The problem
Please copy, word for word, the line holding "Waterview House |" and each line that follows it through the end of the entries, omitting any pictures.

- Opening Delimiter -

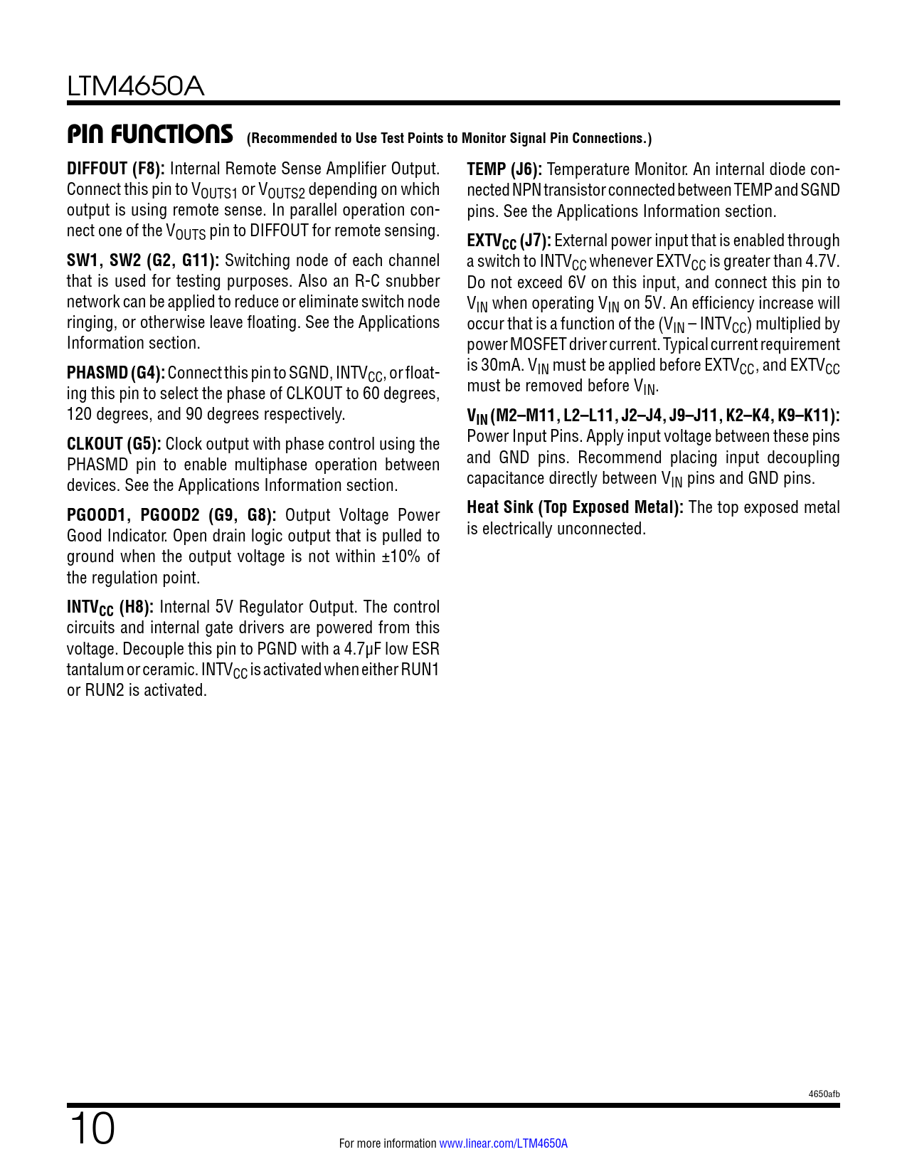 Internal 5V Regulator Output. The control circuits and internal gate drivers are powered from this voltage. Decouple this pin to PGND with a 4.7µF low ESR tantalum or ceramic. INTVCC is activated when either RUN1 or RUN2 is activated. 4650afb 10 For more information www.linear.com/LTM4650A
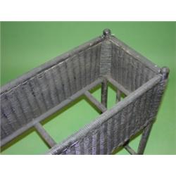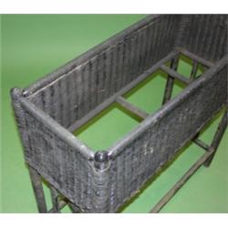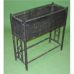 BLACK PAINTED WICKER FERNERY. Good overall cond. Missing insert. 27.5"H, 11"W, 28"L.
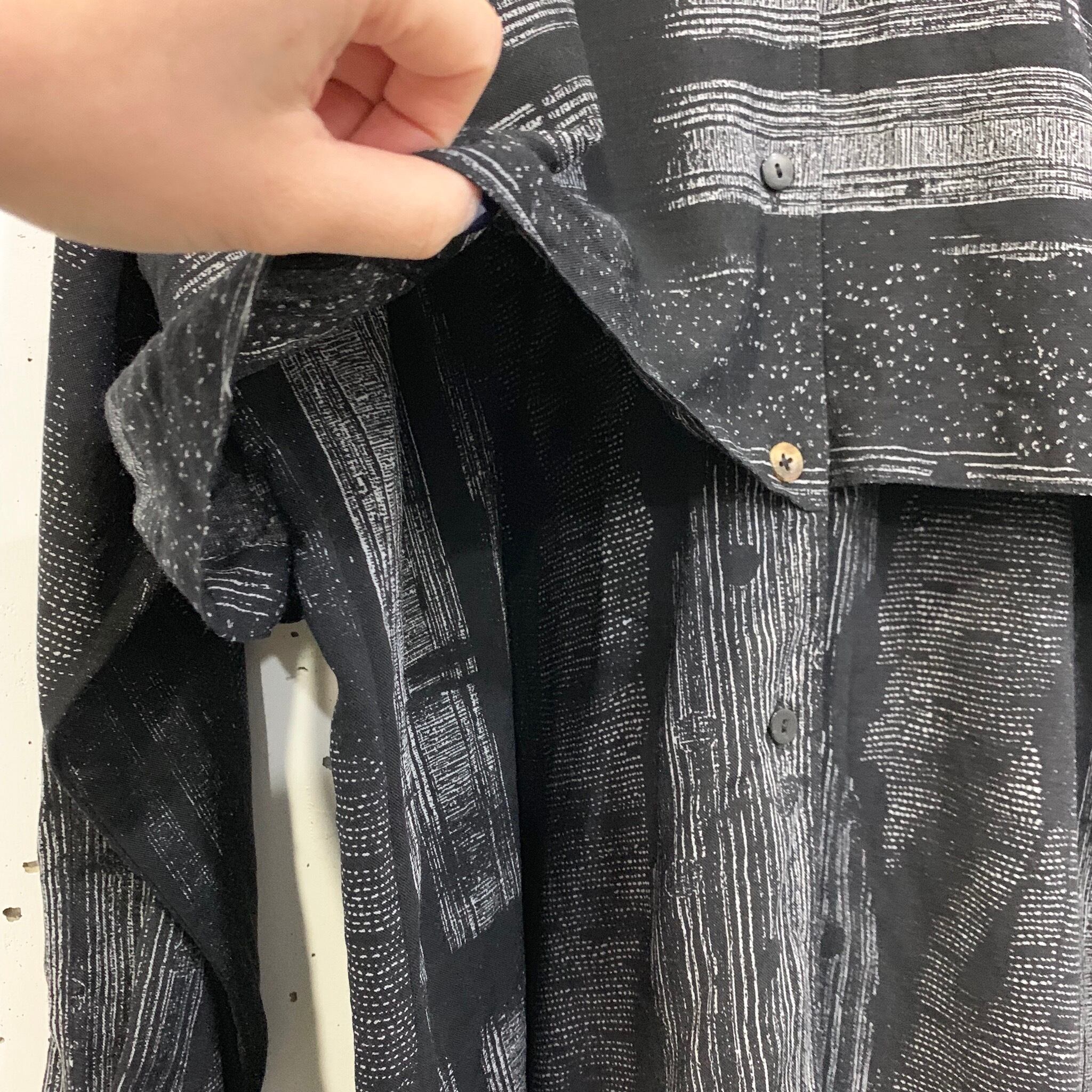 ヨーロッパ古着 OLD 総柄 2トーン 長袖デザインシャツ 黒 白 抽象柄
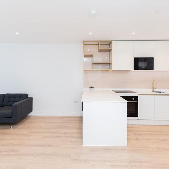 Waterview House | 5th Floor | 1B1B | Modern Open-Plan Living | Contemporary Kitchen Set on the 5th floor of Waterview House, this one-bedroom, one-bathroom apartment offers stylish, low-maintenance living in a well-connected London location. The bright open-plan living and dining area is filled with natural light from large windows, creating a warm and inviting atmosphere. A sleek, modern kitchen with integrated appliances provides both functionality and elegance. The spacious double bedroom includes built-in storage, and the well-appointed ...
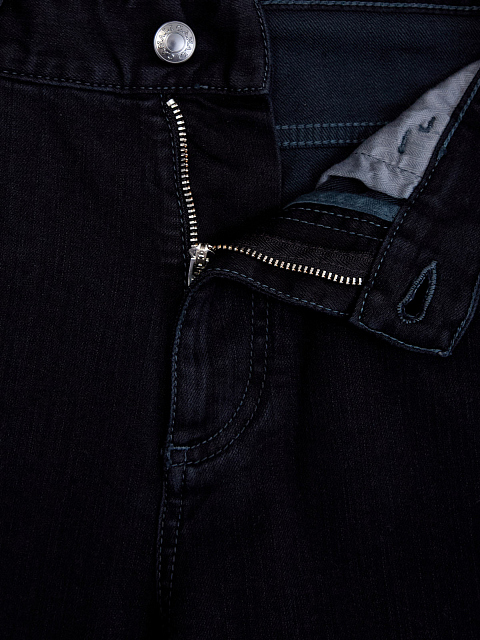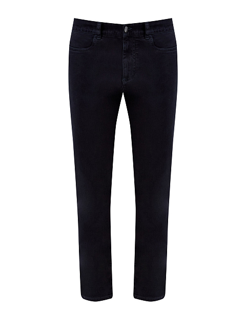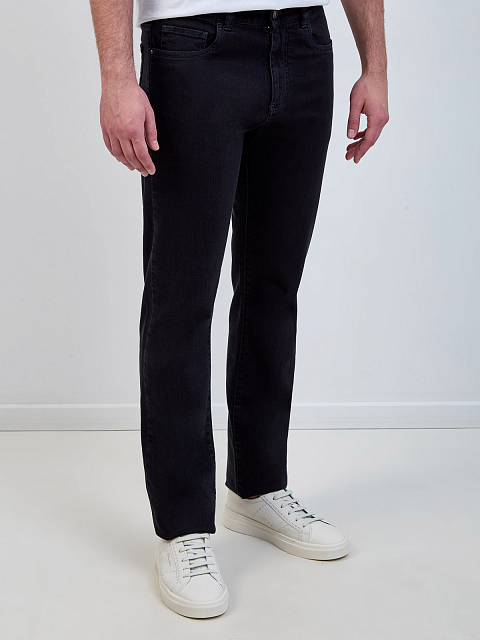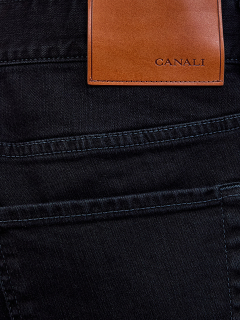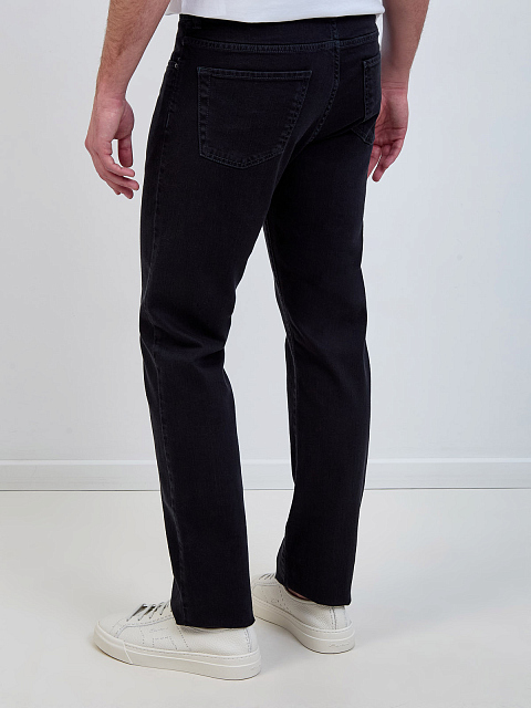 Джинсы из эластичного хлопкового денима с нашивкой из кожи
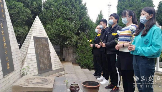 鄂州市稅務(wù)局稽查局青年理論學(xué)習(xí)小組給“抗洪救災(zāi)英雄”吉宏善烈士掃墓。通訊員 供圖
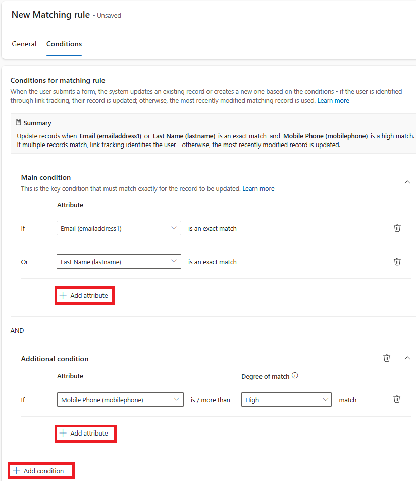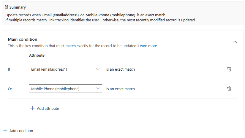 - メイン条件: メイン条件は常に最初に実行され、最も関連性の高いレコードのグループが収集されます。 主なルールはデータベースへの直接クエリであるため、一致の程度は常に 正確 です (あいまい一致を設定することはできません)。 メイン条件に複数の属性を追加できます。 条件の属性間には常に OR 演算子があります。

- Closing Delimiter -

Answer section
 Waterview House | 5th Floor | 1B1B | Modern Open-Plan Living | Contemporary Kitchen Set on the 5th floor of Waterview House, this one-bedroom, one-bathroom apartment offers stylish, low-maintenance living in a well-connected London location. The bright open-plan living and dining area is filled with natural light from large windows, creating a warm and inviting atmosphere. A sleek, modern kitchen with integrated appliances provides both functionality and elegance. The spacious double bedroom includes built-in storage, and the well-appointed ...
 Джинсы из эластичного хлопкового денима с нашивкой из кожи
 鄂州市稅務(wù)局稽查局青年理論學(xué)習(xí)小組給“抗洪救災(zāi)英雄”吉宏善烈士掃墓。通訊員 供圖
 - メイン条件: メイン条件は常に最初に実行され、最も関連性の高いレコードのグループが収集されます。 主なルールはデータベースへの直接クエリであるため、一致の程度は常に 正確 です (あいまい一致を設定することはできません)。 メイン条件に複数の属性を追加できます。 条件の属性間には常に OR 演算子があります。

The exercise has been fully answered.